Voucher, credito e agevolazioni in Toscana con fondi Ue

Redazione ANSA FIRENZE

(ANSA) - FIRENZE, 30 OTT - "La Regione Toscana vuol fare da buon padre di famiglia verso le giovani generazioni e dare loro un'occasione per mettersi in gioco. Per questo motivo, senza garanzie e richiedere senza troppi fogli o domande, ai giovani che vogliono provare a creare un'impresa, mettiamo a disposizione voucher, credito e agevolazioni. Le misure sono molto ampie e i settori in cui questi giovani possono mettere su impresa sono i più vari, dall'artigianato, al commercio o al turismo". Così l'assessore toscano alle attività produttive Stefano Ciuoffo, spiega il senso di tre bandi lanciati dalla Regione il 15 ottobre, dedicati alla creazione di nuove imprese da parte dei giovani. I bandi, per un totale di 21 milioni di euro, rientrano nell'ambito del Programma operativo (Por Creo) del Fondo europeo per lo sviluppo regionale (Fesr) 2014-20 e sono anche stati inseriti all'interno del progetto 'Giovanisì'.

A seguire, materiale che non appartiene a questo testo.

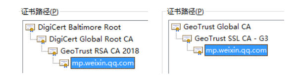 微信公眾平臺(tái)的服務(wù)器證書支持多域名,即API域名(api.weixin.qq.com)與API容災(zāi)域名(api2.weixin.qq.com)使用同一張證書,正常情況下請(qǐng)使用api.weixin.qq.com域名,新證書與舊證書的證書鏈區(qū)別如下:(左邊新,右邊舊)。
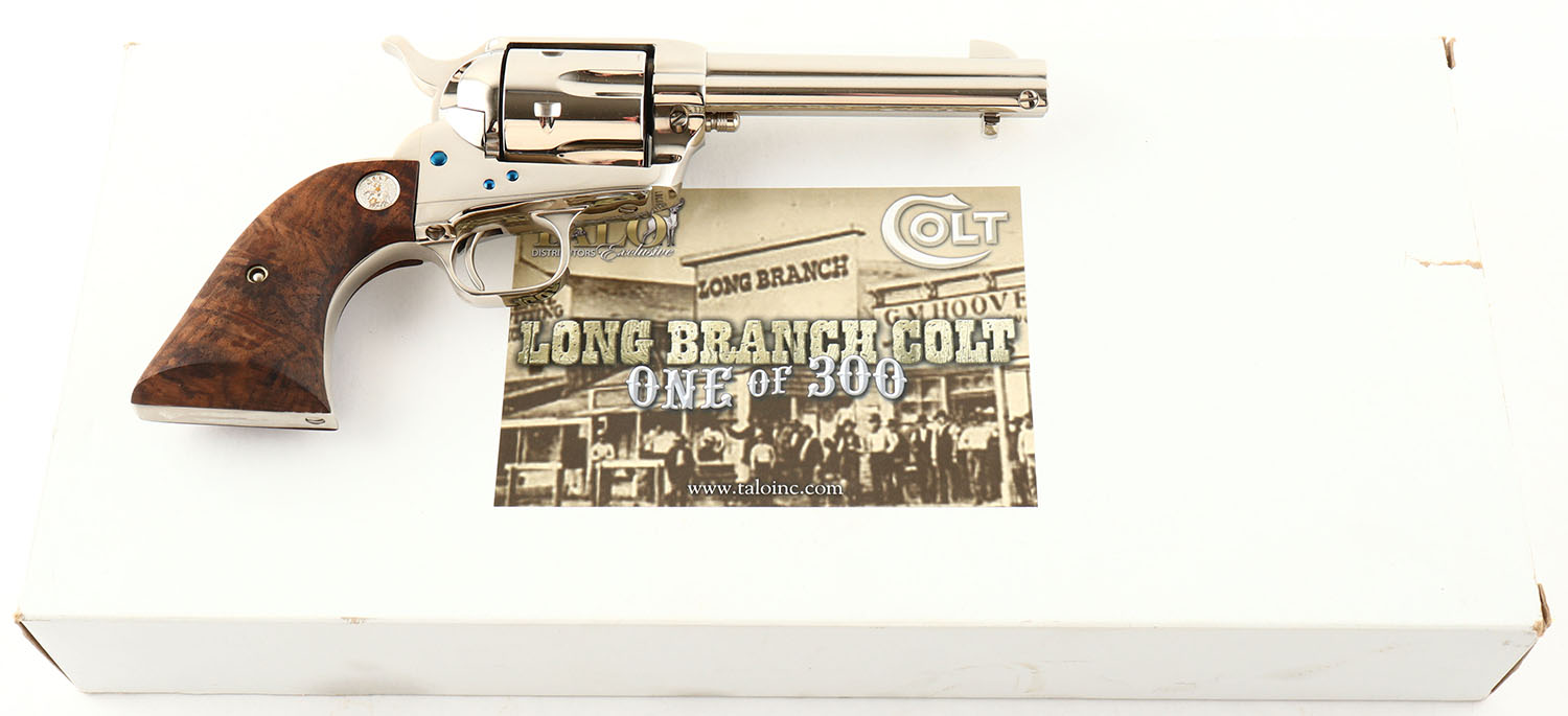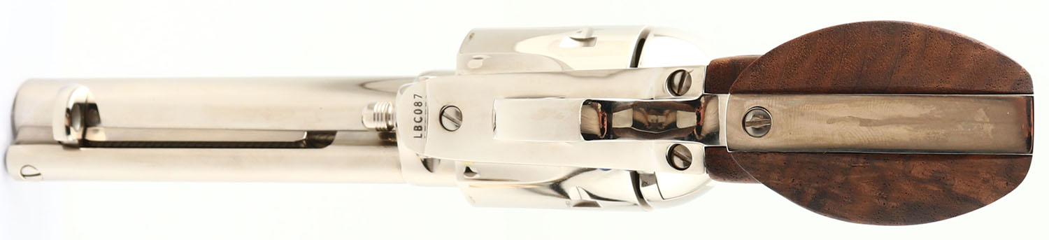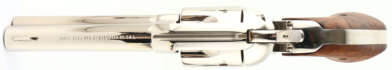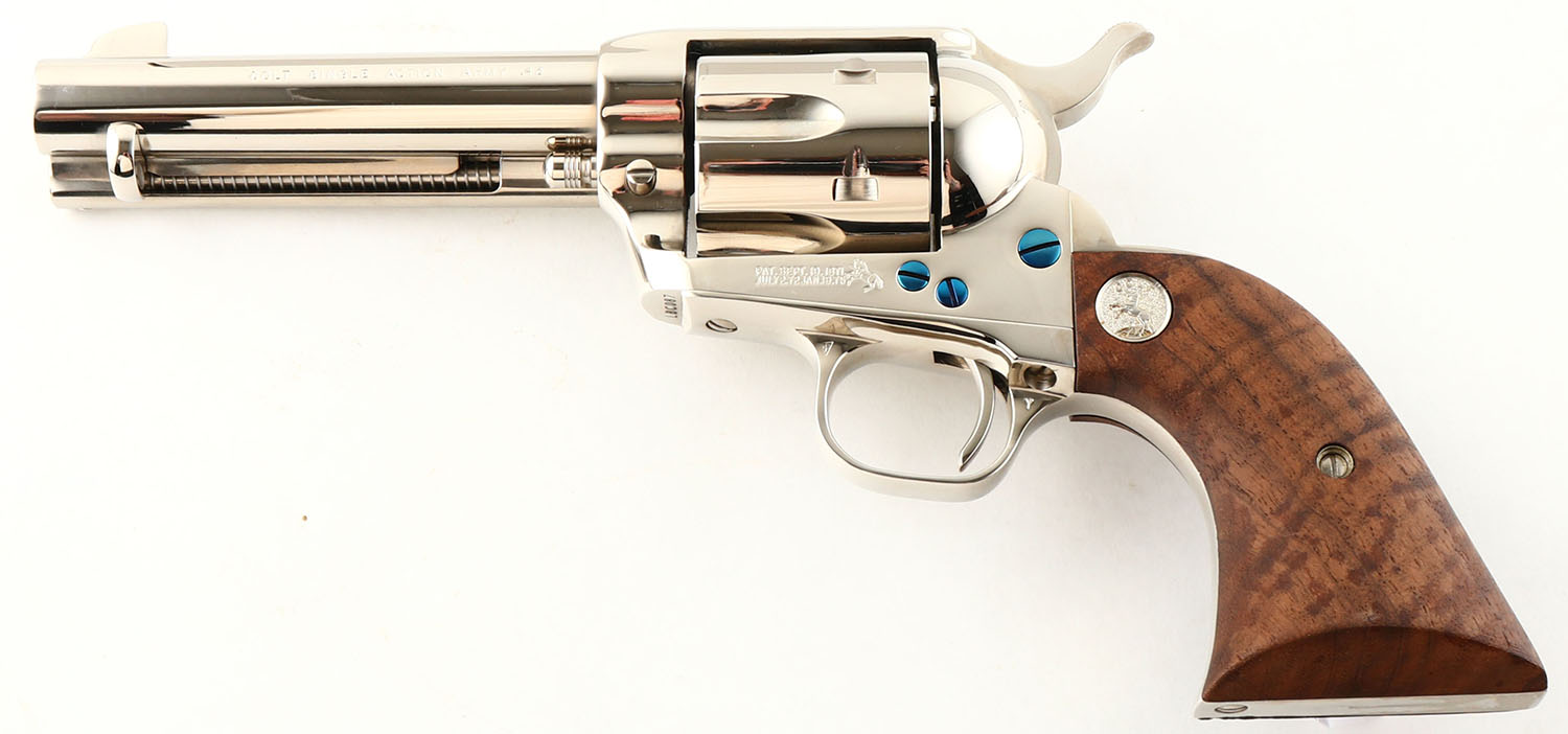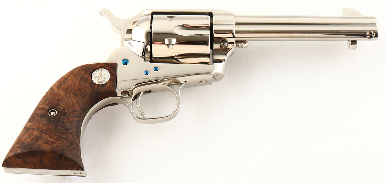 Colt, Single Action Army - 3rd Gen, CAL: 45 LC, MFG: Modern, SN: LCB087, Single Action Revolver, 4 3/4'' barrel. The top of the barrel is marked ''COLTS PT. F.A. MFG. Co. HARTFORD, CT. U.S.A.'' & the left side of the barrel is marked ''COLT SINGLE ACTION ARMY 45''. The left side of the frame is marked with the standard two line patent dates & Rampant Colt logo. The Colt logo medallion walnut grips are excellent. The original nickel finish is excellent. The fire blue finish on the screws are excellent. Bore is excellent. Square notch rear sight & blade front sight. FFL Req. - Value: 1500 to 2200
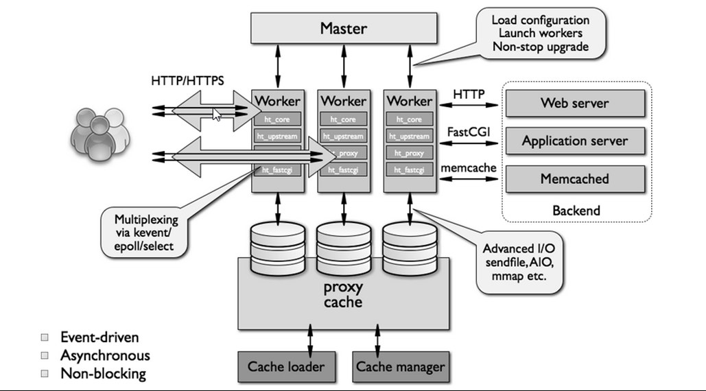 從這個圖表中我們可以看出,Nginx使用FastCGI進(jìn)程來執(zhí)行Python,Ruby以及其他代碼,使用Memcached對象緩存系統(tǒng)。工作進(jìn)程為HTTP請求加載ht_core Nginx進(jìn)程。我們還可以看到,Nginx和Windows以及Linux內(nèi)核的功能緊密的集成在了一起,以便提升性能。這些內(nèi)核功能已經(jīng)經(jīng)過長時間的改良,而Nginx正是利用了這一點(diǎn)。

    "Spero che la risposta sia la più ampia possibile - ha aggiunto - e che si crei il più alto numero possibile di nuove imprese giovani. Vedo i primi riscontri e a pochi giorni dal lancio del bando sto vendendo sollecitazioni importanti e non credo che ci vorrà molto tempo per esaurire le risorse a disposizione". L'assessore ha ricordato che "il Porcreo è una misura che mette a disposizione ingenti risorse. La Regione Toscana sta conducendo i bandi su più linee. In particolare la misura che abbiamo avviato dal 15 ottobre è rivolta ad una scommessa: arrivare direttamente alla nuova imprenditoria giovanile". Per Ciuoffo "purtroppo nel nostro mondo, e a causa dei rischi pesanti di insuccesso, pensiamo di tutelare i giovani sottraendoli alla possibilità di avviare un'attività di impresa". "Viviamo l'insuccesso come un'esperienza assolutamente negativa. Noi siamo invece convinti che non sia così - ha aggiunto -. Soprattutto oggi, perché in questo momento la vera competizione sta nell'innovazione, nella valorizzazione dei processi di informatizzazione digitali, e nella ricerca di nuove economie avanzate e dinamiche. In un mercato molto dinamico come quello occidentale, la mortalità delle imprese è da mettere in conto. Vogliamo sollecitare i giovani a mettersi in gioco".
    (ANSA).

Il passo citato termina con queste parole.